Introduction

The AI Verify Foundation (AIVF) is a non-profit subsidiary of Singapore’s Infocomm Media Development Authority (IMDA). Its mission is to support the creation of a trusted AI ecosystem through access to reliable AI testing capabilities.

Together with its parent IMDA, the AIVF launched the Global AI Assurance Pilot in February 2025, to help codify emerging norms and best practices around technical testing of Generative AI (“GenAI”) applications. Existing, real-world GenAI applications were put to the test, pairing organisations that had deployed them with specialist AI testing firms.

1.1 Rationale

The pilot was motivated by three core beliefs:

GenAI can have a massive, positive impact on our society and economy – if it is adopted at scale in public and private sector organisations
Such “real-world” adoption requires GenAI applications to operate at a much higher level of quality and reliability (vs. the general-purpose models that underpin them)
The extensive work underway on AI model safety and capability is necessary, but not sufficient, to help meet that higher bar.

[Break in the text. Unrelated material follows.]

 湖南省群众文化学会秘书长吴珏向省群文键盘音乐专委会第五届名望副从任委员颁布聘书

Large Language Models (LLMs) and their multi-modal equivalents are being adopted extensively as personal productivity tools. However, to have real transformational impact, GenAI must get embedded in the public and private sector organisations that drive critical parts of the economy, such as health, finance, utilities and government services.

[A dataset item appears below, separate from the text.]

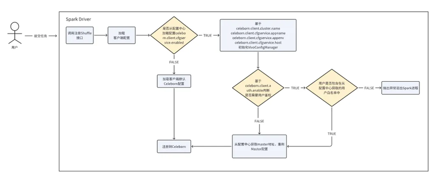 为了解决上述问题,我们在 Celeborn 客户端侧做了一些改造,用户接入 Celeborn 不再依赖 Mater URL 配置(spark.celeborn.master.endpoints),在客户端侧仅需要配置一个 Celeborn 集群标识,Celeborn 客户端会基于集群标识和用户账号向 VIVO 配置中心发起请求,通过配置中心获取真实的 Master URL

Using GenAI in such real-world situations, at scale, raises the quality and reliability bar significantly. Two factors account for this difference: Context and Complexity.

Unlike a general purpose LLM chatbot application or personal productivity tool, a GenAI-enabled application must operate in the specific context of a use case, organisation, industry and/or socio-cultural expectations. For example, a GenAI application in a healthcare setting may have very low levels of tolerance for “hallucination” compared to one used as an internal employee helpdesk.
Real-life GenAI applications are also likely to have more layers of complexity. They may use LLMs in conjunction with existing data sources, processes and systems, creating additional potential points of failure beyond the LLM.

Most academic and technology industry efforts around AI testing have tended to focus on Model safety and alignment. A shift is required – from the Safety of Foundation Models to the Reliability of the end-to-end Systems or Applications in which they are embedded.

The pilot was an attempt to start enabling that shift – not through new academic research or technical development, but through real-world experience.

1.2 Objectives

The pilot was launched with 3 target outcomes

Testing norms for GenAI applications

Inputs into future standards for Technical Testing of GenAI applications.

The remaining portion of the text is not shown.